▶ _Problem details_: Everything in the listing below should be repeated verbatim, apart from the pictures.

▶ _Provided data_:

== Segment start ==

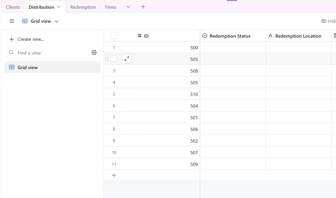 I currently have a table set up for “patients” where health workers would assign the coupons. Then I have a table for “Coupons” where I’d like the records to be each coupon code distributed.
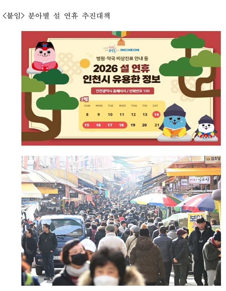 연휴 기간 교통, 의료, 물가, 성묘, 문화시설 운영 등 생활불편 문의가 집중될 것에 대비해 인천시는 120 미추홀콜센터를 특별 운영하고, 설 연휴 관련 생활정보를 종합 안내할 계획이다.
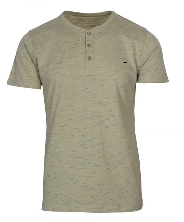 Pastel green slim-fit Henley T-shirt in cotton single jersey cotton. Round baseball neck collar with short sleeves.

== Segment end ==

▶ _Task response_:
 I currently have a table set up for “patients” where health workers would assign the coupons. Then I have a table for “Coupons” where I’d like the records to be each coupon code distributed.
 연휴 기간 교통, 의료, 물가, 성묘, 문화시설 운영 등 생활불편 문의가 집중될 것에 대비해 인천시는 120 미추홀콜센터를 특별 운영하고, 설 연휴 관련 생활정보를 종합 안내할 계획이다.
 Pastel green slim-fit Henley T-shirt in cotton single jersey cotton. Round baseball neck collar with short sleeves.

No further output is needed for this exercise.